Once you have the record write it to file using AvroParquetWriter.

import java.io.IOException;
import java.util.ArrayList;
import java.util.List;
import org.apache.avro.Schema;
import org.apache.avro.generic.GenericData;
import org.apache.hadoop.conf.Configuration;
import org.apache.hadoop.fs.Path;
import org.apache.parquet.avro.AvroParquetWriter;
import org.apache.parquet.hadoop.ParquetWriter;
import org.apache.parquet.hadoop.metadata.CompressionCodecName;

public class ParquetFileWrite {

    public static void main(String[] args) {
        // First thing - parse the schema as it will be used
        Schema schema = parseSchema();
        List<GenericData.Record> recordList = getRecords(schema);
        writeToParquet(recordList, schema);
    }

    private static Schema parseSchema() {
        Schema.Parser parser = new    Schema.Parser();
        Schema schema = null;
        try {
            // pass path to schema
            schema = parser.parse(ClassLoader.getSystemResourceAsStream(
"resources/EmpSchema.avsc"));

        } catch (IOException e) {
            e.printStackTrace();            
        }
        return schema;

    }

    private static List<GenericData.Record> getRecords(Schema schema){
        List<GenericData.Record> recordList = new ArrayList<GenericData.Record>();
        GenericData.Record record = new GenericData.Record(schema);
        // Adding 2 records
        record.put("id", 1);
        record.put("Name", "emp1");
        record.put("Dept", "D1");
        recordList.add(record);

        record = new GenericData.Record(schema);
        record.put("id", 2);
        record.put("Name", "emp2");
        record.put("Dept", "D2");
        recordList.add(record);

        return recordList;
    }


    private static void writeToParquet(List<GenericData.Record> recordList, Schema schema) {
        // Path to Parquet file in HDFS
        Path path = new Path("/test/EmpRecord.parquet");
        ParquetWriter<GenericData.Record> writer = null;
        // Creating ParquetWriter using builder
        try {
            writer = AvroParquetWriter.
<GenericData.Record>builder(path)
                .withRowGroupSize(ParquetWriter.DEFAULT_BLOCK_SIZE)
                .withPageSize(ParquetWriter.DEFAULT_PAGE_SIZE)
                .withSchema(schema)
                .withConf(new Configuration())
                .withCompressionCodec(CompressionCodecName.SNAPPY)
                .withValidation(false)
                .withDictionaryEncoding(false)
                .build();

            for (GenericData.Record record : recordList) {
                writer.write(record);
            }

        }catch(IOException e) {
            e.printStackTrace();
        }finally {
            if(writer != null) {
                try {
                    writer.close();
                } catch (IOException e) {
                    e.printStackTrace();
                }
            }
        }
    }
}

To run this Java program in Hadoop environment export the class path where your .class file for the Java program resides.
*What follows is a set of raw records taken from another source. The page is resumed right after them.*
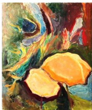
Lea Colliva, Ombrelloni all'Ospitale, 1968,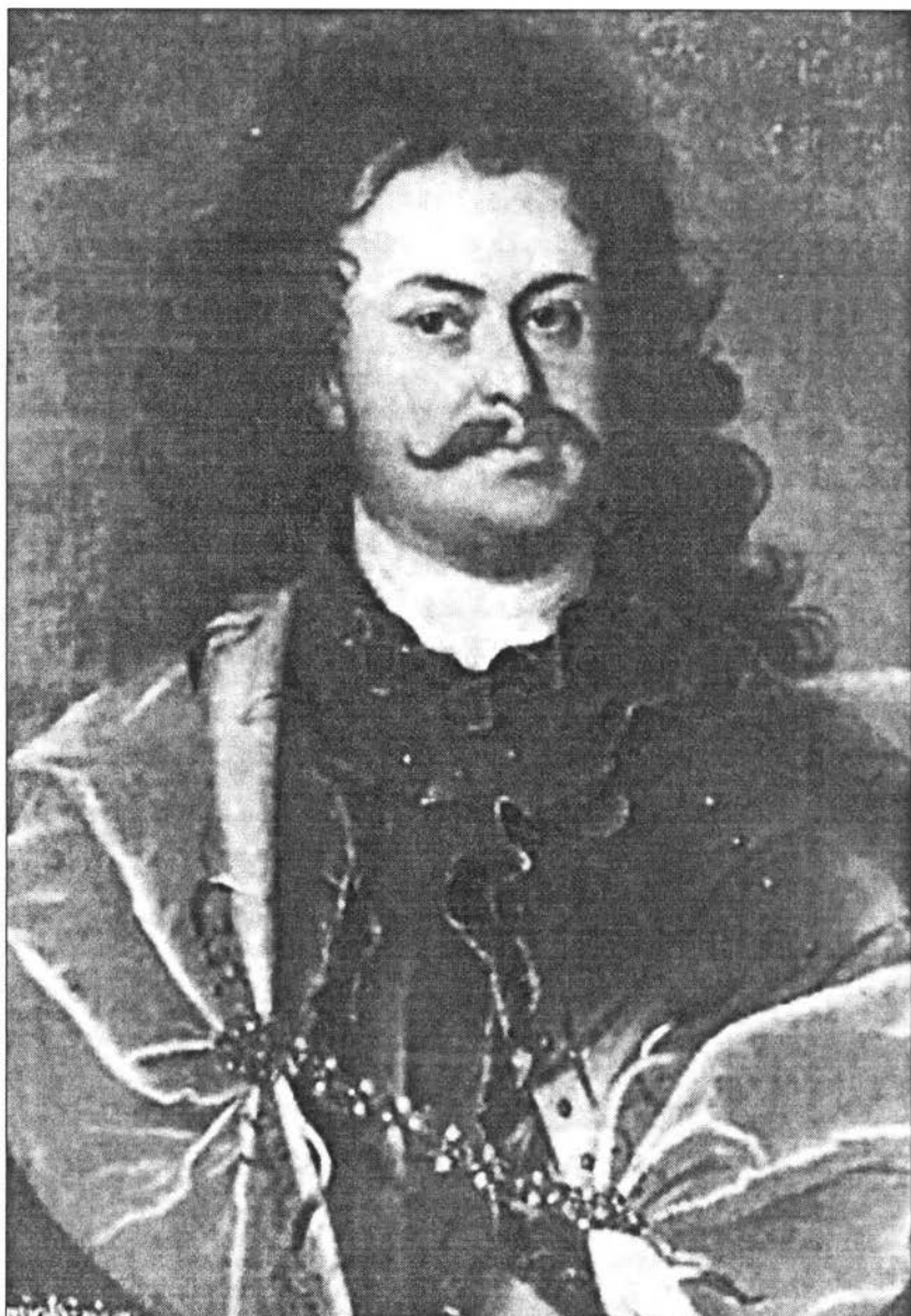
II. Rákóczi Ferenc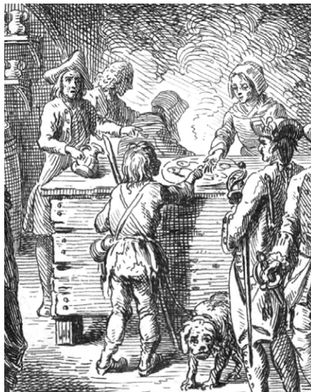
Vue différente de l'intérieur du Cabaret du Tambour-Royal (détail).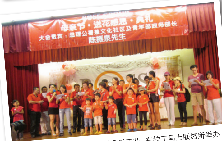
2014 这次增加至15000朵手工花，在拉丁马士联络所举办母亲节特备节目给居民们。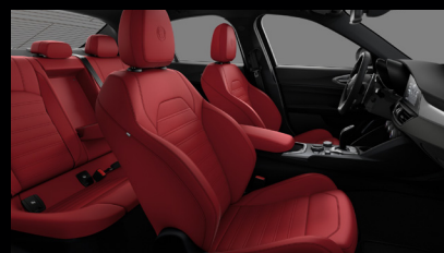
Sportovní perforovaná sedadla v červené kůži (Sprint a Veloce 557)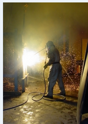
Selbst den aggressivsten elektromechanischen und thermischen Angriffswerkzeugen haben die Wertschutzräume standgehalten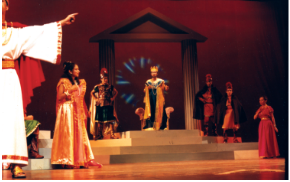
पारसी थिएटर शैली में खेले गए नाटक का दृश्य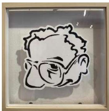
NO 29 - BLANC LINO CUT 3 TEINTES SUR PAPIER 23 X 23 CM 650€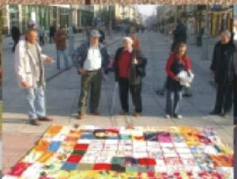
17 października 2007 - Odświeżenie płyty Praw Człowieka poświęconej ofiarom biedy w Kielcach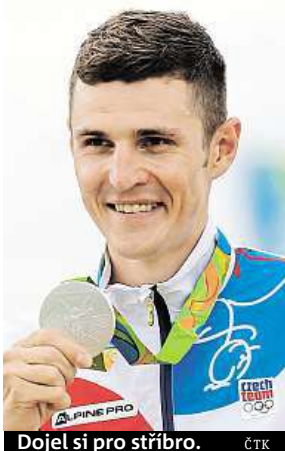
Dojel si pro stříbro.

V průběhu závodu vše nasvědčovalo repríze čtyři roky starého souboje obou rivalů. Hlavní favorité se brzy usadili v čele a vzdalovali se ostatním. Na závěrečný finiš ale tentokrát nedošlo. Schurter rozhodl nástupem v předposledním ze sedmi okruhů, na který už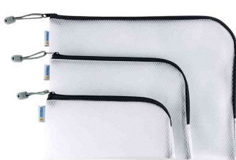
Visuel de référence : Mesh Bags, noir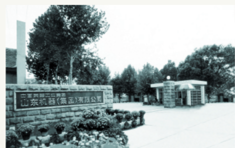
山东机器厂于1949年1月建厂,是我军华东地区的第一个兵工厂。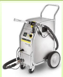
「ドライアイスブラスター」

こちらは、ケルヒャー製のドライアイスブラスター『IB 7/40』です。当製品は、その名の通り、水等を使用せず、ドライアイスを使用して、汚れを落とす洗浄機です。ドライアイスは対象物にぶつかった後、一瞬で気化するため、対象物が濡れることはありません。そのため、水気を嫌う機器、設備、作業場であっても、使用することが可能です。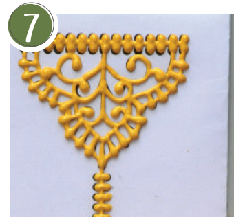
7 Die Prospekthülle mitsamt Motiv für ca. 3 Std. flach in den Kühlschrank legen, danach weiter im Raum durchtrocknen lassen. Place the brochure cover together with the motif flat in the refrigerator for approx. 3 hours, then leave to dry out in the room.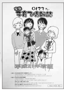
図 地域子育て支援基幹センター (☎ 39-9109)

子育てに役立つ情報が満載の情報誌です。市の子育て支援施策のほか、幼稚園・保育所・団体等が行う関連事業や、子育てサークルの情報を詳しく紹介しています。また、子育てに関する各種手当、保健医療制度の案内や、いざというときの相談窓口も掲載しています。市役所・市内の各地域子育て支援センター・公民館・図書館・地域福祉センターなどの市の主な公共施設や商業施設などで配布しているほか、市ホームページ ( http://www.city.uji.kyoto.jp/ ) でも閲覧できます。また、各種健康診査や母子手帳GET(ゲット)記念日などでも配布していますので、ぜひご利用ください。

$ export HADOOP_CLASSPATH=/home/netjs/eclipse-workspace/bin

Then you can run the Java program using the following command.

$ hadoop org.netjs.ParquetFileWrite 

 18/07/05 19:56:41 INFO compress.CodecPool: Got brand-new compressor [.snappy] 
 18/07/05 19:56:41 INFO hadoop.InternalParquetRecordWriter:Flushing mem columnStore to file. allocated memory: 3072

Reading Parquet file – Java program

To read the parquet file created above you can use the following program.

import java.io.IOException;

import org.apache.avro.generic.GenericData;
import org.apache.hadoop.conf.Configuration;
import org.apache.hadoop.fs.Path;
import org.apache.parquet.avro.AvroParquetReader;
import org.apache.parquet.hadoop.ParquetReader;

public class ParquetFileRead {

    public static void main(String[] args) {
        readParquetFile();
    }

    private static void readParquetFile() {
        ParquetReader<GenericData.Record> reader = null;
        Path path =    new    Path("/test/EmpRecord.parquet");
        try {
            reader = AvroParquetReader
                    .<GenericData.Record>builder(path)
                    .withConf(new Configuration())
                    .build();
            GenericData.Record record;
            while ((record = reader.read()) != null) {
                System.out.println(record);
            }
        }catch(IOException e) {
            e.printStackTrace();
        }finally {
            if(reader != null) {
                try {
                    reader.close();
                } catch (IOException e) {
                    // TODO Auto-generated catch block
                    e.printStackTrace();
                }
            }
        }
    }
}

Using parquet-tools jar

You can also download parquet-tools jar and use it to see the content of a Parquet file, file metadata of the Parquet file, Parquet schema etc. As example to see the content of a Parquet file-

$ hadoop jar /parquet-tools-1.10.0.jar cat /test/EmpRecord.parquet

That's all for this topic How to Read And Write Parquet File in Hadoop. If you have any doubt or any suggestions to make please drop a comment. Thanks!

Related Topics

You may also like -

>>>Go to Hadoop Framework Page

How to Read And Write Parquet File in Hadoop

Using Avro to define schema

Writing Parquet file – Java program

Reading Parquet file – Java program

Using parquet-tools jar

Trending Articles

RAMAYAMPET Mandal Sarpanch | Upa-Sarpanch | Ward member Mobile Numbers Medak...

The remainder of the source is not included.